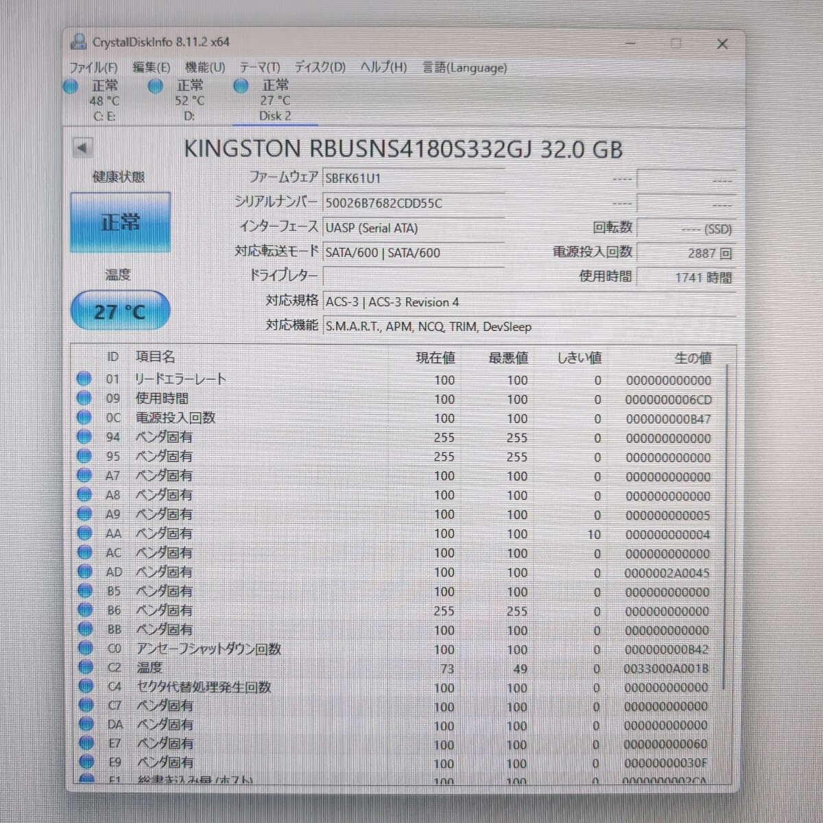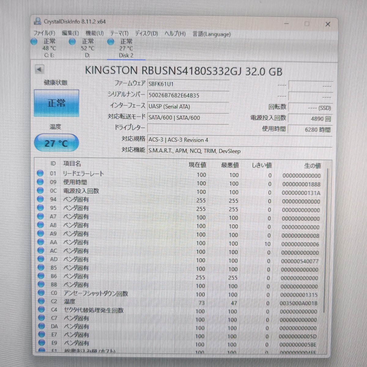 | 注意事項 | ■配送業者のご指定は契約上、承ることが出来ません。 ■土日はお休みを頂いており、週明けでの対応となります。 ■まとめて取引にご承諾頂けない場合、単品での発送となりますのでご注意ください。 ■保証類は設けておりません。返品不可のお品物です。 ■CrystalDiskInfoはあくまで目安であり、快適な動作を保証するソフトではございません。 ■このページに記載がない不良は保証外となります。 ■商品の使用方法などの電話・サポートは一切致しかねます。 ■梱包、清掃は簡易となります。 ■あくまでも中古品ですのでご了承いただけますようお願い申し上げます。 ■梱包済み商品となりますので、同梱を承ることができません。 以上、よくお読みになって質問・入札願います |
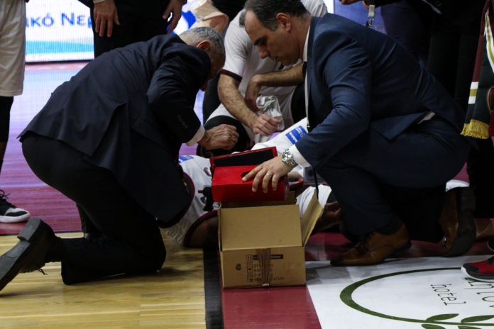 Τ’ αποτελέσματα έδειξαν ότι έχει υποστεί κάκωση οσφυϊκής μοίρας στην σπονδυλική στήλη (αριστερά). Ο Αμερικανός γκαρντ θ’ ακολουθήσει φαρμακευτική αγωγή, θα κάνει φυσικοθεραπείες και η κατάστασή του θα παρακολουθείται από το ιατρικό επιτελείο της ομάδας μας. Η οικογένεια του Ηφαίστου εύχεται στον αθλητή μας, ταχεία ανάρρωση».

--

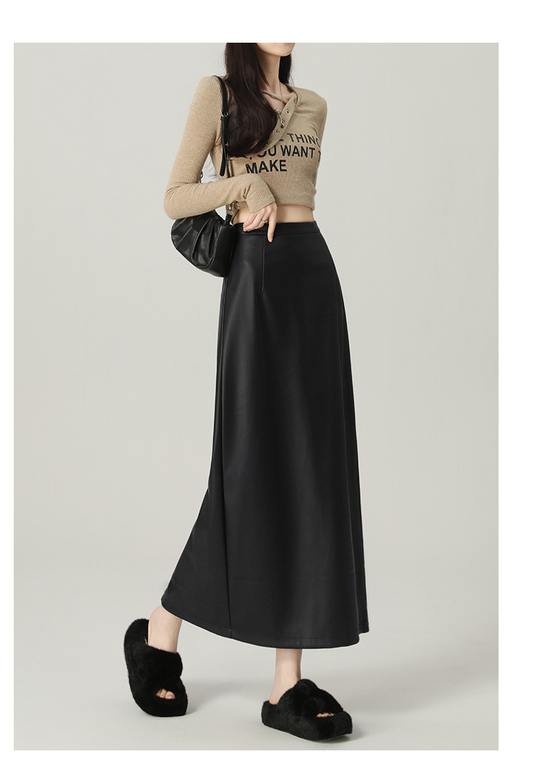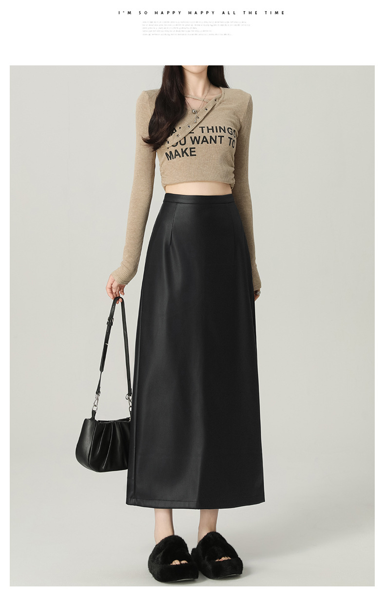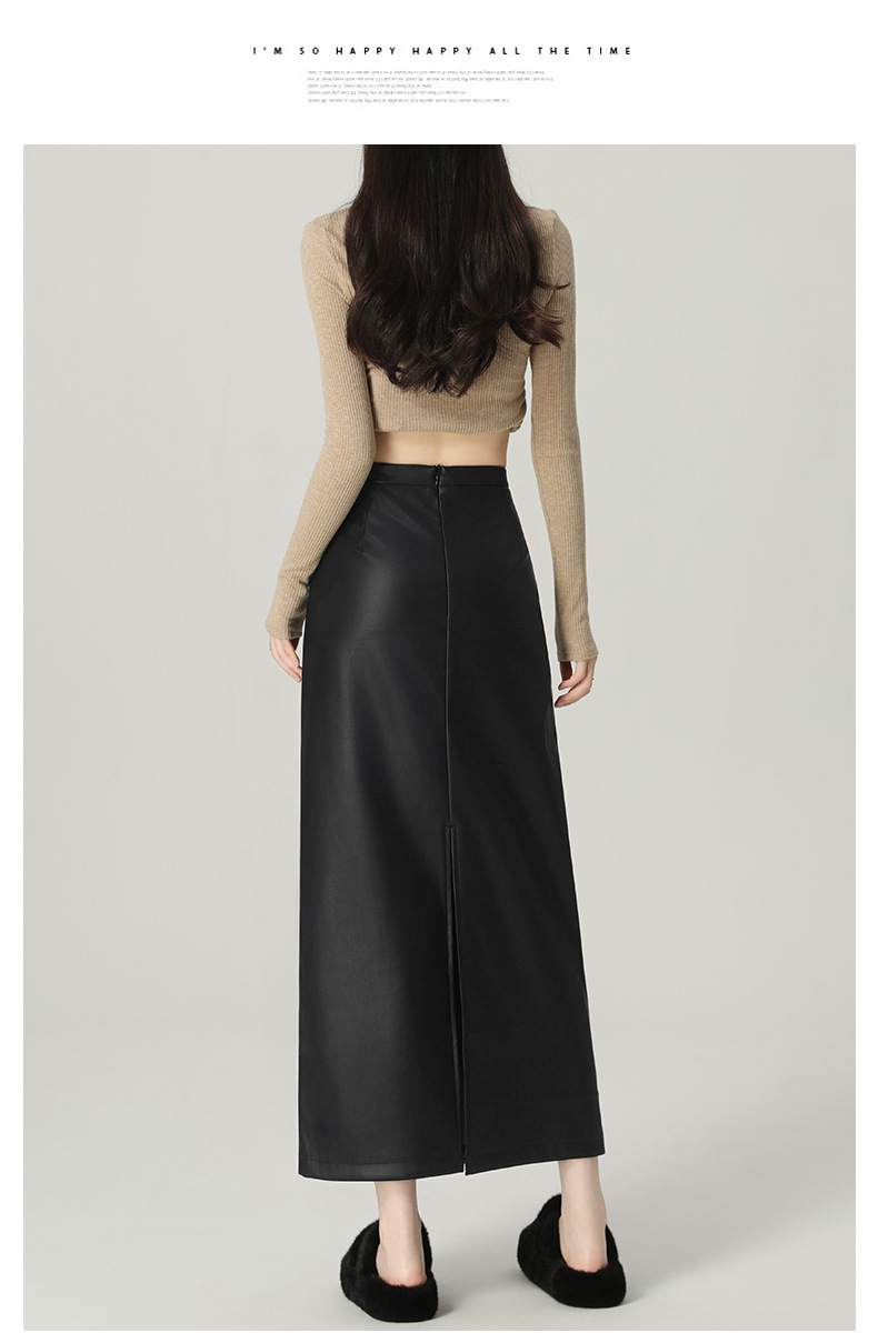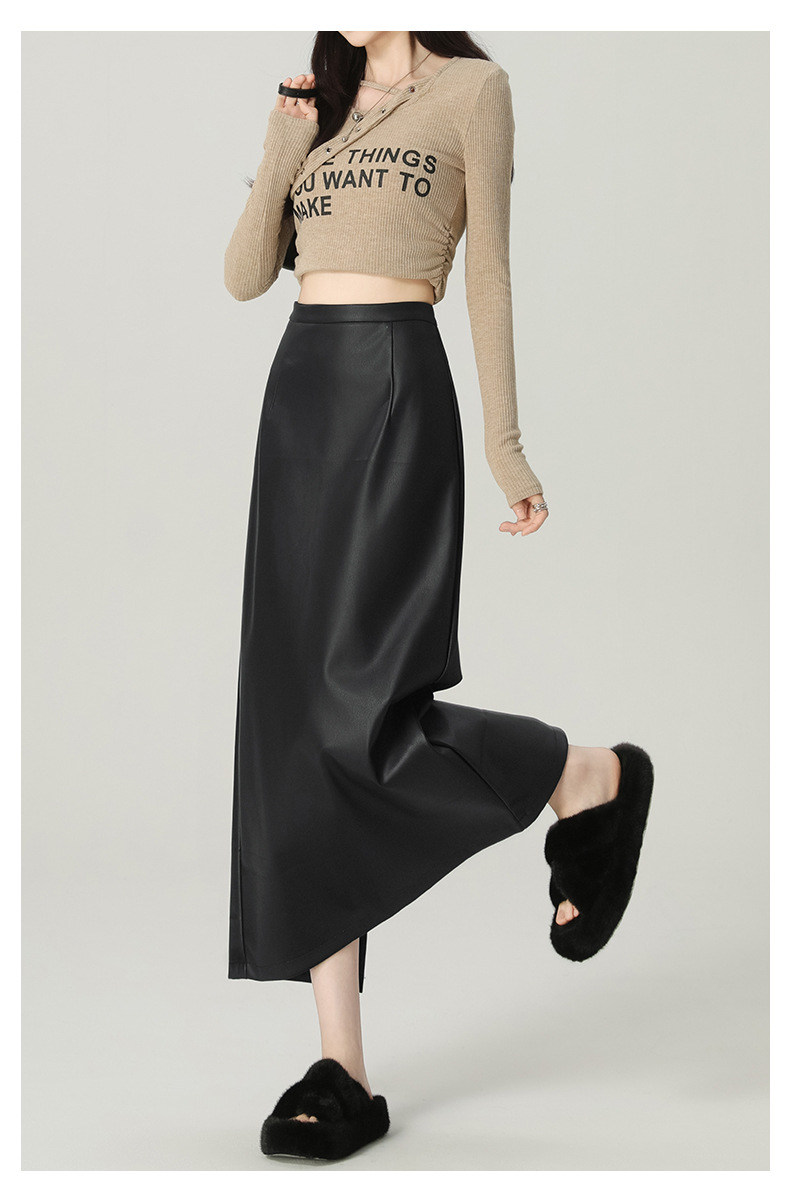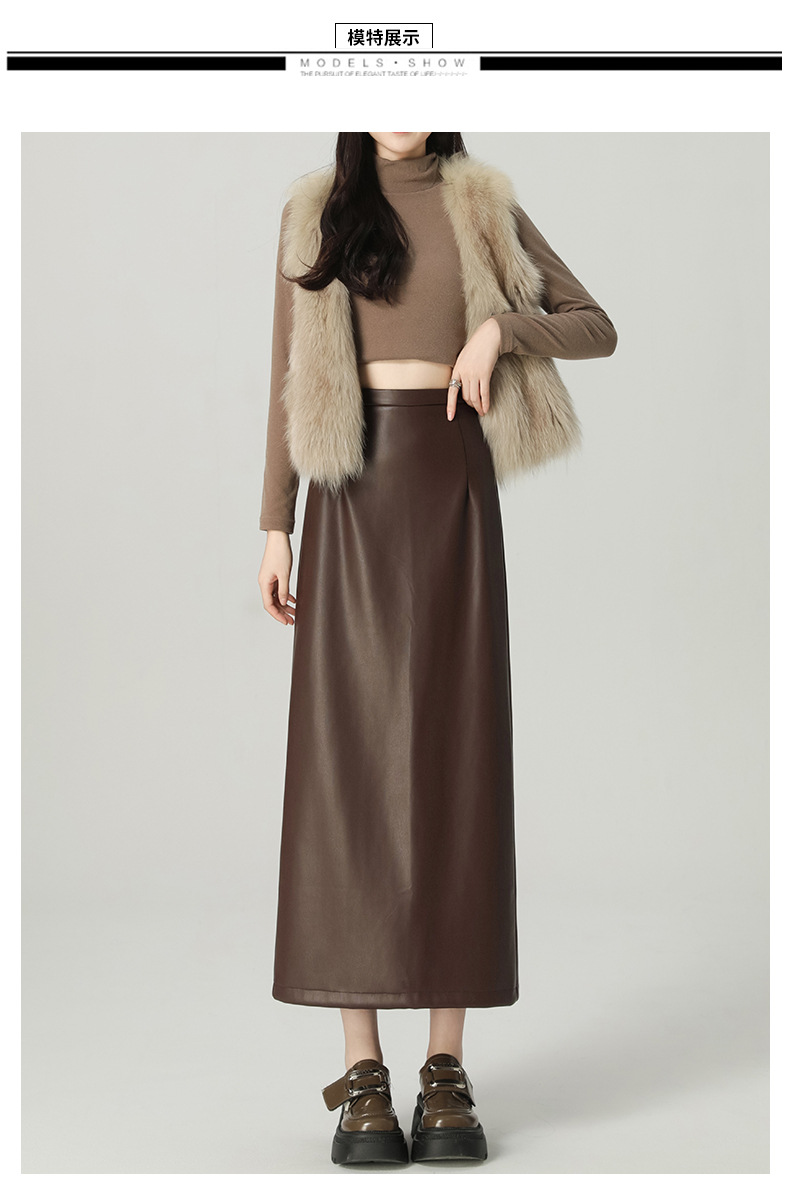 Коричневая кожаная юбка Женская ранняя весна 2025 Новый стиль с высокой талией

Problem requirements ▸ Although pictures appear among the entries, please set down only the lines from the one with "注意事項 | ■配送業者のご指定は契約上、承ることが出来ません。" up to and including the one with "Τ’ αποτελέσματα έδειξαν", word for word.

Answer for this exercise ▸
 | 注意事項 | ■配送業者のご指定は契約上、承ることが出来ません。 ■土日はお休みを頂いており、週明けでの対応となります。 ■まとめて取引にご承諾頂けない場合、単品での発送となりますのでご注意ください。 ■保証類は設けておりません。返品不可のお品物です。 ■CrystalDiskInfoはあくまで目安であり、快適な動作を保証するソフトではございません。 ■このページに記載がない不良は保証外となります。 ■商品の使用方法などの電話・サポートは一切致しかねます。 ■梱包、清掃は簡易となります。 ■あくまでも中古品ですのでご了承いただけますようお願い申し上げます。 ■梱包済み商品となりますので、同梱を承ることができません。 以上、よくお読みになって質問・入札願います |
 Τ’ αποτελέσματα έδειξαν ότι έχει υποστεί κάκωση οσφυϊκής μοίρας στην σπονδυλική στήλη (αριστερά). Ο Αμερικανός γκαρντ θ’ ακολουθήσει φαρμακευτική αγωγή, θα κάνει φυσικοθεραπείες και η κατάστασή του θα παρακολουθείται από το ιατρικό επιτελείο της ομάδας μας. Η οικογένεια του Ηφαίστου εύχεται στον αθλητή μας, ταχεία ανάρρωση».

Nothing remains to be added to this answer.